Speech recognition is finding its voice

As workers become more mobile and companies rely more often on good, fast, always-available support to hold customers, services based on speech recognition are starting to come to the rescue. Emerging industry standards are helping to open the market and pave the way for broader adoption, according to industry experts.

Speech recognition makes it practical to do things with a phone that would be too complicated using the 12-digit keypad. In some cases, callers won’t have to work their way through a hierarchy of options by pressing numbers or saying words. Although it’s not at the point where systems can understand everything a caller might say, callers no longer have to use specific words. Voice recognition also can trigger transactions without a live operator. Combined with speech-to-text and text-to-speech technology, it can support even more emerging applications.

Providing a speech-based interface to applications is a good thing for companies to outsource to a carrier, says Mark Plakias, an analyst at Zelos Group. In most cases, access to an application such as ERP by voice is only a small fraction of the use of the application, he says.

“There’s no reason the enterprise should have to go out and buy a telephony platform to do this,” Plakias says.

On the other hand, Marcello Typrin, director of product marketing at speech software vendor Nuance Communications Inc., says companies can save on operating expenses by owning their own equipment, and more are doing so as they become confident in the technology.

Companies and carriers are using speech recognition because it’s getting better, according to analysts. More powerful processors and refined algorithms are at the core of the improvement.

Now, at the application development level, two new specifications that extend current mark-up languages are helping companies and service providers get started.

Voice XML (VXML) is an extension of XML that lets developers for corporations and service providers take advantage of work that already has been done to put applications and information on the Web.
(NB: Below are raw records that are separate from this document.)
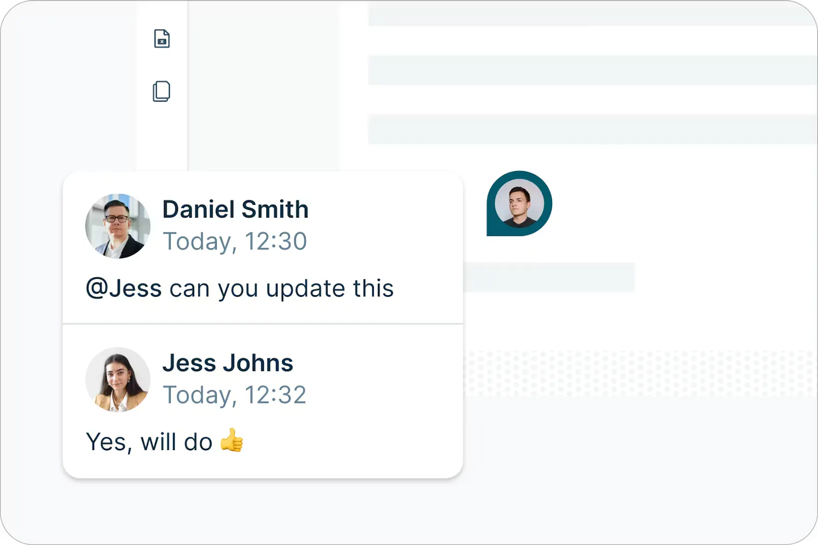 Collaborate live in a shared digital workspace where you can tag teammates, leave comments, and create Spaces to keep internal work organized and moving smoothly.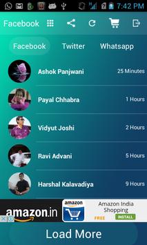 You can see list of people from your facebook, twitter, and whatsapp. Now you can check who views my facebook profile. Whats app profile Visitors and who views my twitter profile.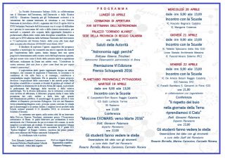 Lunedì 18 aprile ore 10,00 Palazzo“CORRADO ALVARO” – (Piazza Italia – RC) CERIMONIA DI APERTURA XVII SETTIMANA NAZIONALE DELL’ASTRONOMIA – Saluti delle Autorità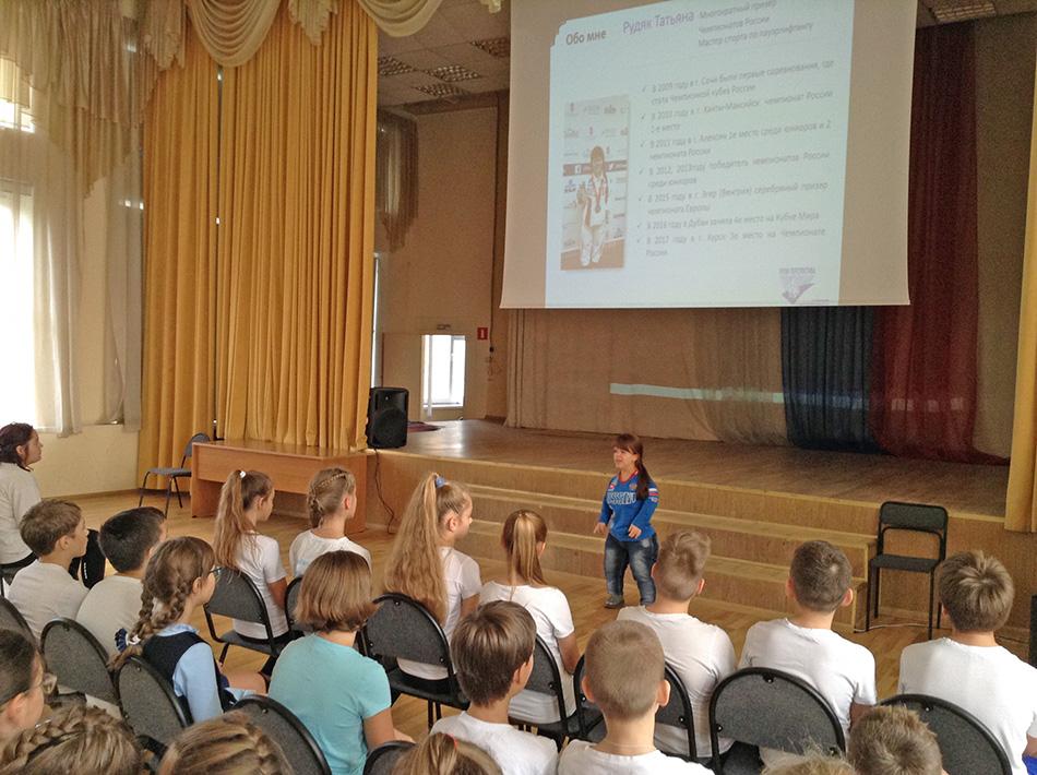 Приседания, жим лежа и отрыв штанги от помоста – очередной «День параспорта» прошел в московской школе № 1412. Наш сотрудник и многократный призер чемпионатов России и серебряный призер чемпионата Европы по пауэрлифтингу Татьяна Рудяк рассказала о происхождении этого спорта и о том, как сама пришла в тяжелую атлетику. Таня показала ребятам видео с соревнований и провела мастер-класс и разминочную тренировку в спортзале.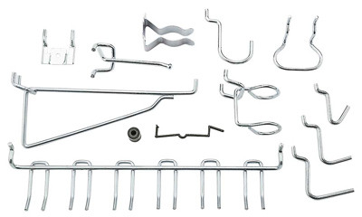 V2396, 48 Piece, Zinc Plated, Pegboard Hook Assortment Kit, For Organizing A Variety Of Tools & Items On Pegboard, Easy, Self-Installation, For 1/8" & 1/4" Pegboard, Steel Material. vendor ID: 36939 Price/Unit: 9.49EA model: N112-062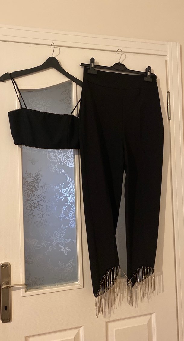 siyah sentetik kumaş pantolon. Regular fit ve kısa boy, püskül detaylı paçalarla ofis ve sokak modasına uygun.Üst 34 alt 38 beden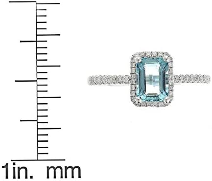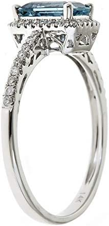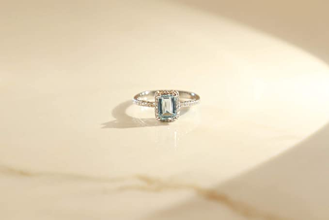 Gin and Grace 10K White Gold Genuine Aquamarine Ring with Diamonds for women | Ethically, authentically & organically sourced (Emerald-cut) shaped Aquamarine hand-crafted jewelry for her.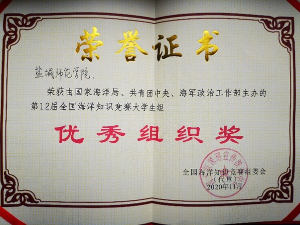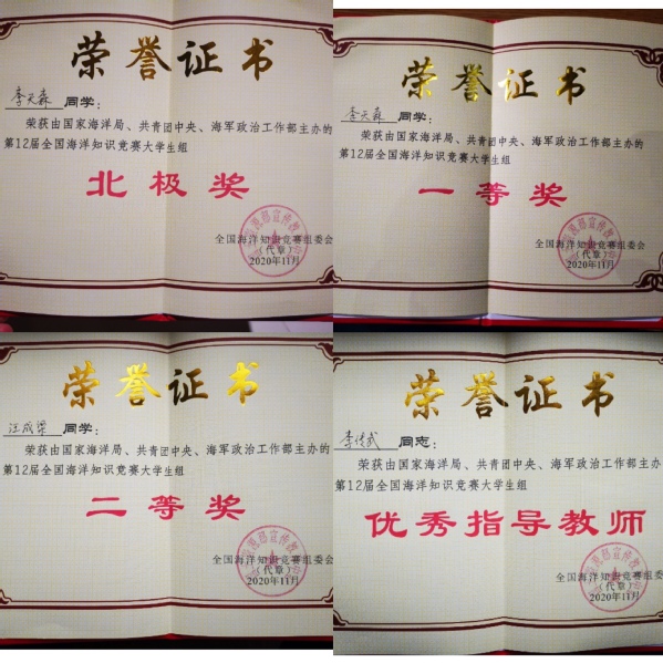 坐标网讯 11月22日,由国家海洋局、共青团中央和海军政治工作部联合主办的第十二届全国海洋知识竞赛总决赛在海南海口市举行,伟德官网城市与规划学院海洋资源开发技术18(6)班学生李天森荣获总决赛一等奖,并入围全国10强赛,荣获全国亚军和三项大奖之一的“北极奖”,获得北极科学考察入场券,地理科学18(1)班汪成梁获二等奖,伟德国际1949官网还首次荣获全国大学生海洋知识竞赛优秀组织奖,城市与规划学院院长李传武荣获优秀指导教师奖。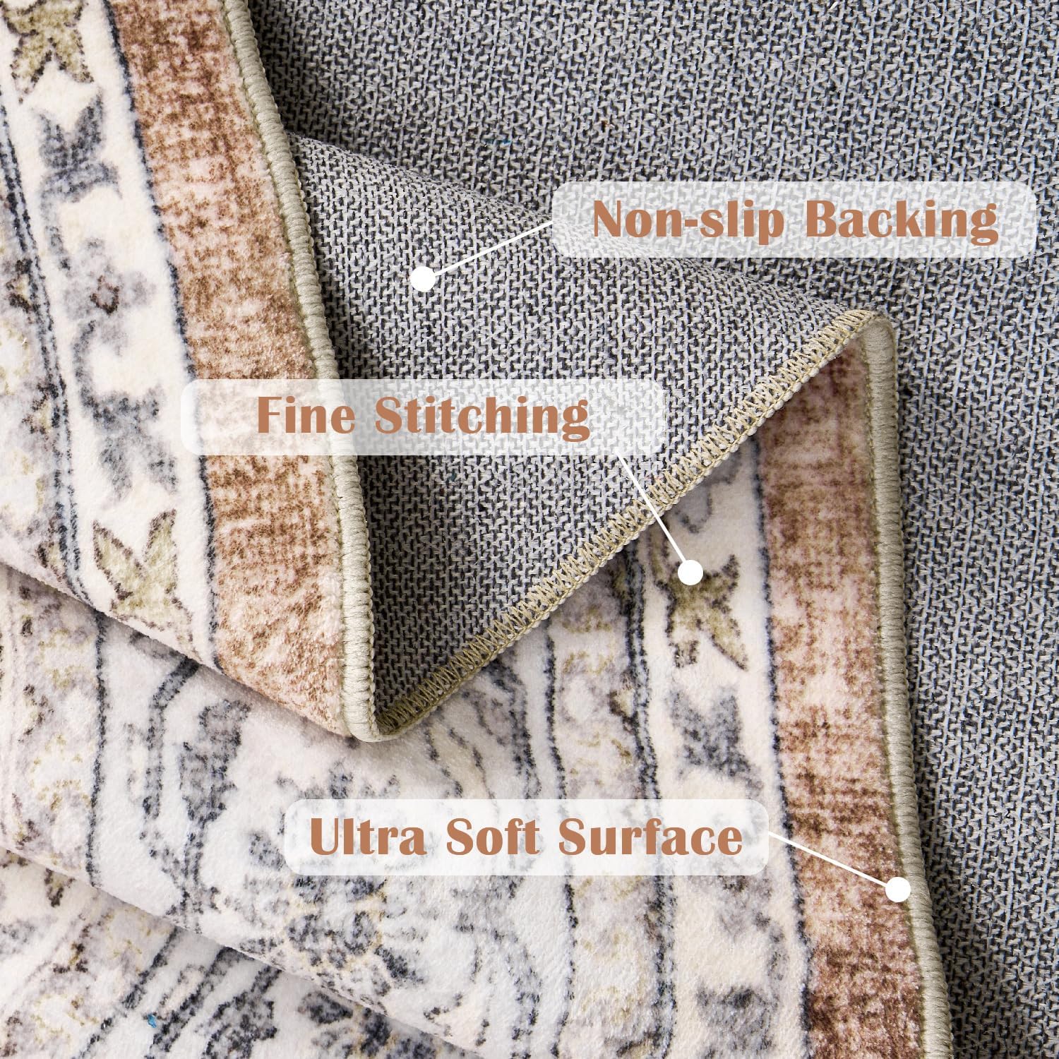 - Superior Material: Made of sturdy synthetic fibers,our area rug has a designer look and soft surface. non slip backing helps the rug stay in place well.Rug pad is recommended for use on hard floor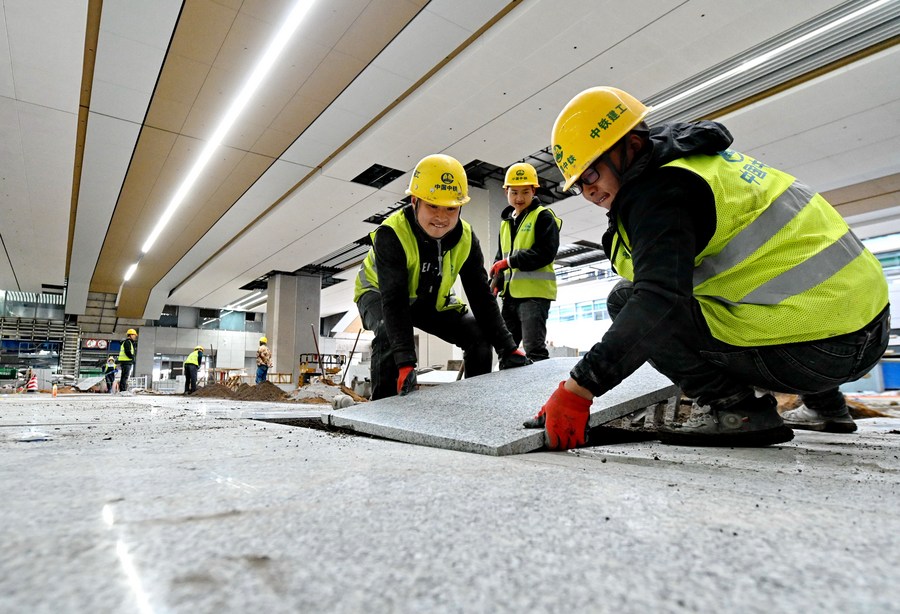 Des ouvriers posent des carreaux de sol à la gare du Sud de Fuzhou à Fuzhou, dans la province chinoise du Fujian (sud-est), le 21 février 2023. (Photo : Lin Shanchuan)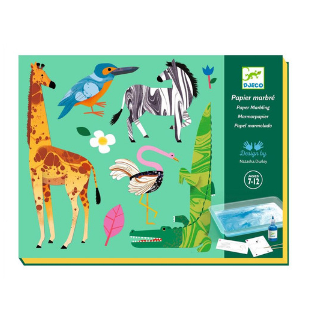 An activity to learn how to marble the paper with coloured inks. Children can explore the technique as they complete the animals of the 4 paintings with stickers that they have “printed” themselves. They can pour the inks drop by drop then mixes them: they will observe the colours intertwine without blurring. They can then deposit the stickers on the surface of the bath to transfer the patterns to the paper. The patterns created are transferred to the paper as if by magic.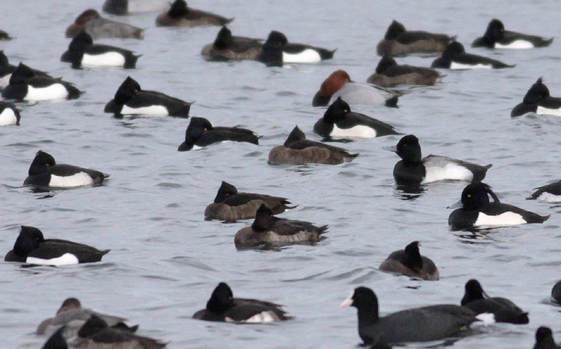 Beskrivelse: Lille bjergand han er på størrelse med Troldand, men har grå (tværbåndet) ryg og anderledes hovedform. Det er efterhånden velkendt, at kun næbneglen er sort. dette gør, at næbbet set fra siden virker helt lyst, i modsætning til Troldand (samt aythya-hybrider) der har hele næbspidsen sort. Desuden er næbneglen så smal, at den kun ses som en sort streg, nær næbbet ses forfra; Bjergandens sorte næbnegl er nærmest blødt trekantet, ala en lakridspastil og tydeligt bredere.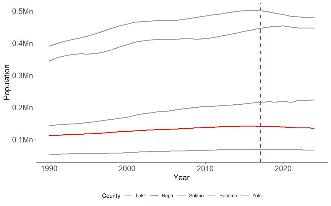 Figure E3: County-level population trends 1990 – 2023, around Camp Fire, 2018 .5 Grey lines refer to neighbouring counties.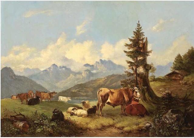 Alm mit Weidevieh vor Gebirgslandschaft.
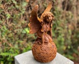 Design: Fairy seated on a textured rose sphere, detailed wings and gentle posture.

Released in Version 1.0 in 2000, it is now in Version 2.0. VXML has opened the voice-based market to new vendors, such as start-up VoiceGenie Technologies Inc., while leading existing vendors to offer alternatives to their proprietary software platforms using VXML interpreter software.

Meanwhile, the Speech Application Language Tags (SALT) standard, backed by Cisco Systems Inc., Intel Corp. and Microsoft Corp., also is coming on the scene. The platform is based on extensions of scripting languages, including HTML and XML. Microsoft released the first beta of its SALT-based Speech Server in July, but it is marketing the platform directly to corporations and not to service providers.

Analysts and industry participants are optimistic that VXML and SALT, both of which have been submitted to the World Wide Web Consortium, won’t develop the type of rivalry between them that has stymied development in other areas. The two specifications are heading toward becoming one and might merge by the end of next year, according to Plakias.